Records contained in a dataset:
• • • • •

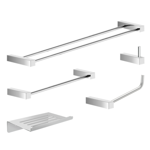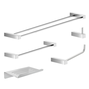 O kit de acessórios para banheiro da linha Troia possui um design atemporal, são peças que se destacam com imponência e modernidade.
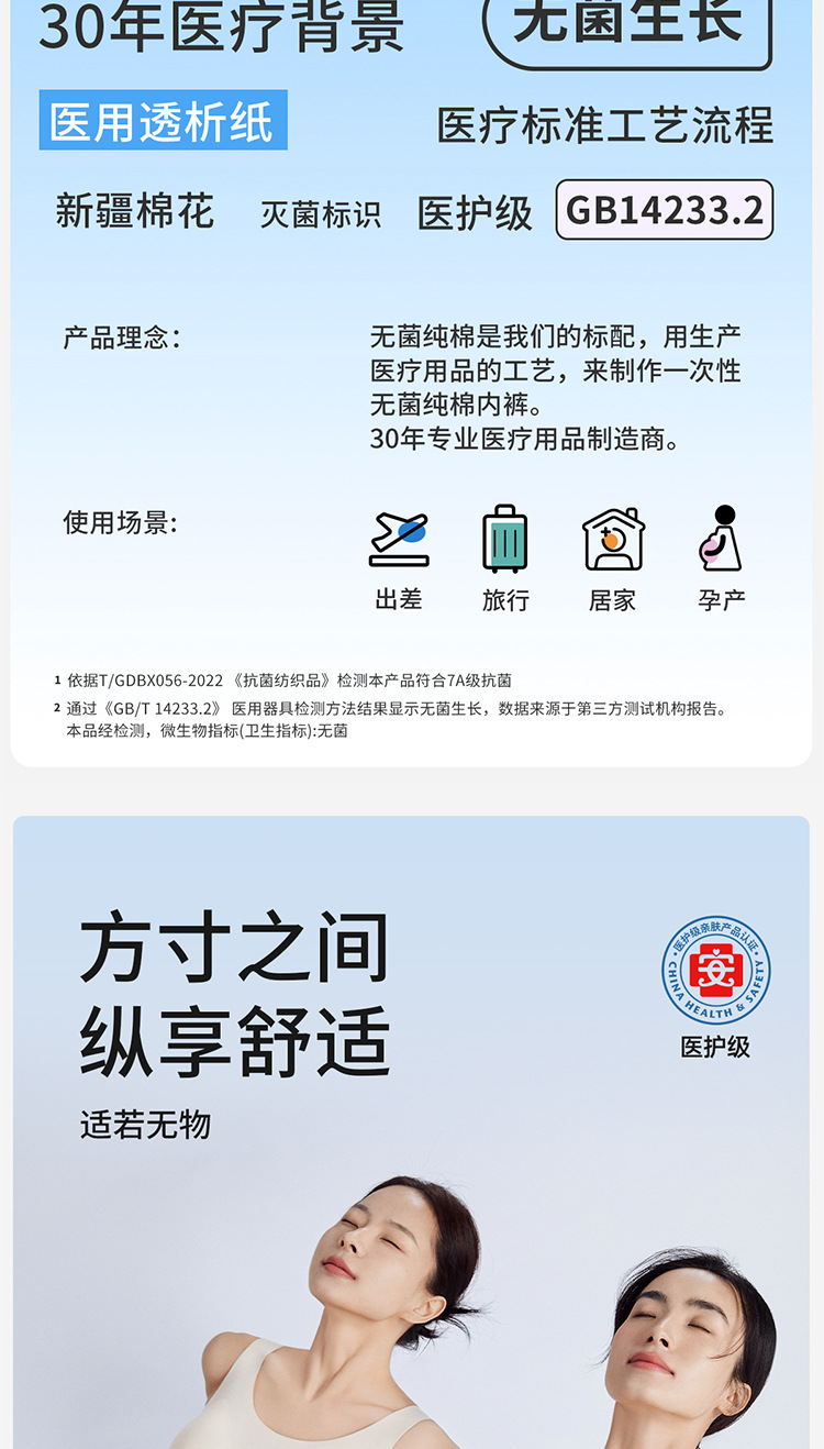 蓓安适一次性内裤纯棉无菌男女旅行旅游免洗底裤全棉短裤
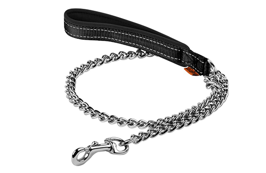 Представляет собой металлическую цепочку с ручкой. Этот тип подходит для собак, которые склонны жевать и разгрызать свои поводки. Обычно цепочки используют для фотосессий, выставок и коротких прогулок. Выбирая поводок-цепочку убедитесь в прочности крепления: некачественные цепочки могут просто разорваться.
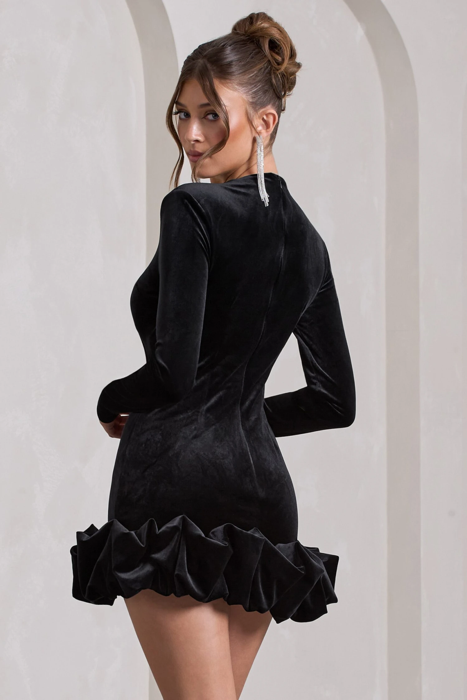 Opt for opulence at your next social event in our black mini dress, Claudine. Crafted in our signature stretch velvet, this long-sleeved bodycon is characterised by an extravagant display of ruffles along its hemline. Keep Claudine at the forefront during your next birthday soiree by pairing it with a sleek bun and gold accents.Â
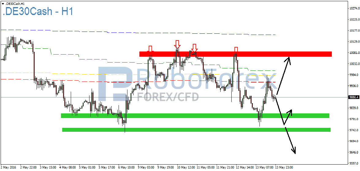 Dieses Bild spiegelt sich auch im H4-Chart und der vergangenen Handelswoche wider. Drei Anläufe unternahm der Markt auf die 10.100 Punkte-Marke. Doch wie auch in der zweiten März-Hälfte ist dieser Widerstand für den DAX eine Nummer zu stark. Daraus resultierte unter der Woche eine Topbildung in diesem Bereich und im Hinblick auf das lange Pfingstwochenende nahm die Vorsicht der Anleger überhand. Für Anleger gab es zum Wochenschluss keine ausreichenden bullishen Signale um das Risiko für das lange Wochenende zu erhöhen. Eine defensivere Positionierung und damit leichtere Notierungen zum Wochenende kamen daher nicht überraschend. Auf der Unterseite rückt dadurch vermehrt die Unterstützung bei 9.730 Punkten in den Fokus. Sollte diese Marke im Verlauf der kommenden Handelswoche unterschritten werden, würde sich ein neuer Abwärtstrend im mittelfristigen Bereich etablieren und Anleger müssten als nächstes die Unterstützung bei 9.400 Punkten ins Visier nehmen.
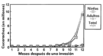 ¡Una cucaracha alemana hembra puede producir hasta ocho cápsulas y con más de 300 crías en total! Si la mitad de las ninfas son hembras y cada una de ellas produce 300 ninfas, y la mitad de esas ninfas son hembras, y cada una produce 300 ninfas... ¡Pienso que ya usted comienza a darse una idea! ¡Teóricamente es posible el que una cucaracha alemana hembra produzca más de 100,000 cucarachas en un año! (Figura 3-3)
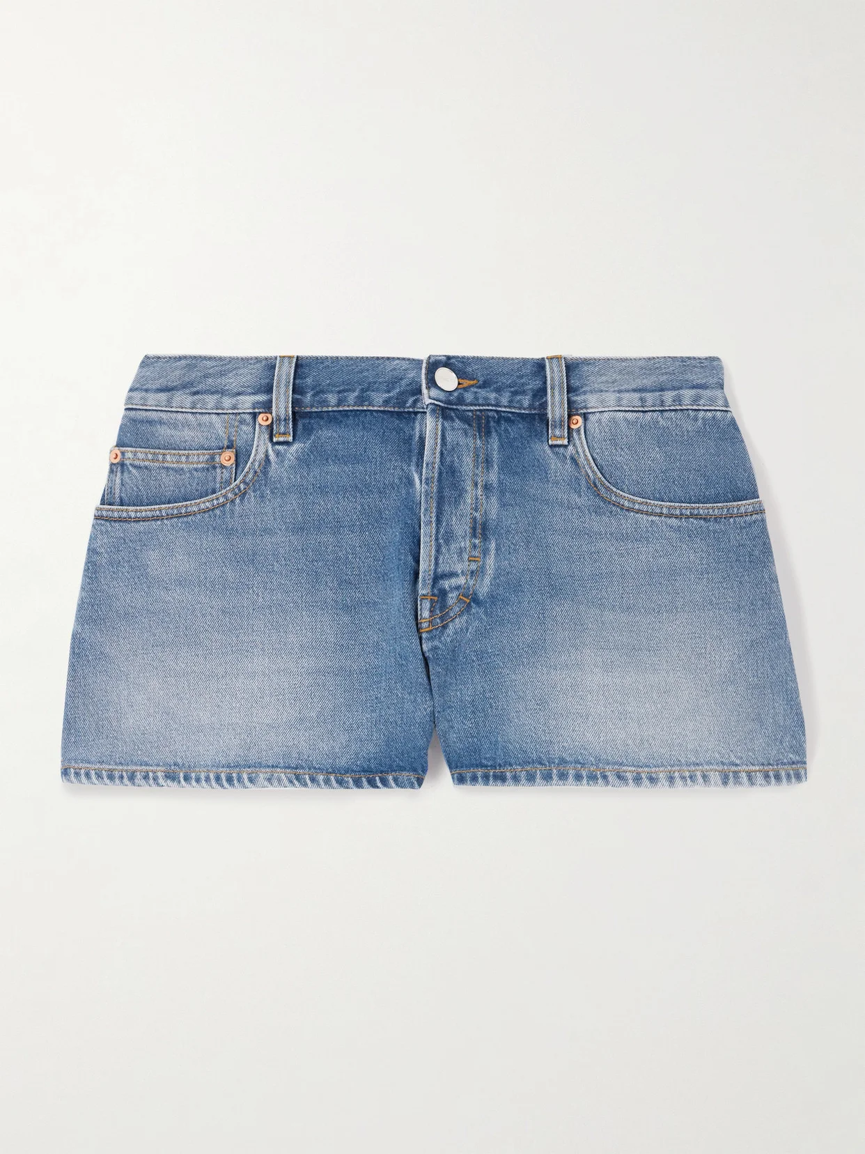 Gucci's 'Lido' shorts are made from faded denim and have a boxy shape. They're detailed with contrast topstitching and appliqued with a patent-leather logo patch in the house's signature 'Rosso Ancora' shade. Complement the mid-rise with a cropped tee. Large to size. See Size & Fit notes.

• • • • •

DIRECTIONS FOR THIS TASK:
If an entry holds a picture, skip the picture and print the rest of the data exactly.

RESULT:
 O kit de acessórios para banheiro da linha Troia possui um design atemporal, são peças que se destacam com imponência e modernidade.
 蓓安适一次性内裤纯棉无菌男女旅行旅游免洗底裤全棉短裤
 Представляет собой металлическую цепочку с ручкой. Этот тип подходит для собак, которые склонны жевать и разгрызать свои поводки. Обычно цепочки используют для фотосессий, выставок и коротких прогулок. Выбирая поводок-цепочку убедитесь в прочности крепления: некачественные цепочки могут просто разорваться.
 Opt for opulence at your next social event in our black mini dress, Claudine. Crafted in our signature stretch velvet, this long-sleeved bodycon is characterised by an extravagant display of ruffles along its hemline. Keep Claudine at the forefront during your next birthday soiree by pairing it with a sleek bun and gold accents.Â
 Dieses Bild spiegelt sich auch im H4-Chart und der vergangenen Handelswoche wider. Drei Anläufe unternahm der Markt auf die 10.100 Punkte-Marke. Doch wie auch in der zweiten März-Hälfte ist dieser Widerstand für den DAX eine Nummer zu stark. Daraus resultierte unter der Woche eine Topbildung in diesem Bereich und im Hinblick auf das lange Pfingstwochenende nahm die Vorsicht der Anleger überhand. Für Anleger gab es zum Wochenschluss keine ausreichenden bullishen Signale um das Risiko für das lange Wochenende zu erhöhen. Eine defensivere Positionierung und damit leichtere Notierungen zum Wochenende kamen daher nicht überraschend. Auf der Unterseite rückt dadurch vermehrt die Unterstützung bei 9.730 Punkten in den Fokus. Sollte diese Marke im Verlauf der kommenden Handelswoche unterschritten werden, würde sich ein neuer Abwärtstrend im mittelfristigen Bereich etablieren und Anleger müssten als nächstes die Unterstützung bei 9.400 Punkten ins Visier nehmen.
 ¡Una cucaracha alemana hembra puede producir hasta ocho cápsulas y con más de 300 crías en total! Si la mitad de las ninfas son hembras y cada una de ellas produce 300 ninfas, y la mitad de esas ninfas son hembras, y cada una produce 300 ninfas... ¡Pienso que ya usted comienza a darse una idea! ¡Teóricamente es posible el que una cucaracha alemana hembra produzca más de 100,000 cucarachas en un año! (Figura 3-3)
 Gucci's 'Lido' shorts are made from faded denim and have a boxy shape. They're detailed with contrast topstitching and appliqued with a patent-leather logo patch in the house's signature 'Rosso Ancora' shade. Complement the mid-rise with a cropped tee. Large to size. See Size & Fit notes.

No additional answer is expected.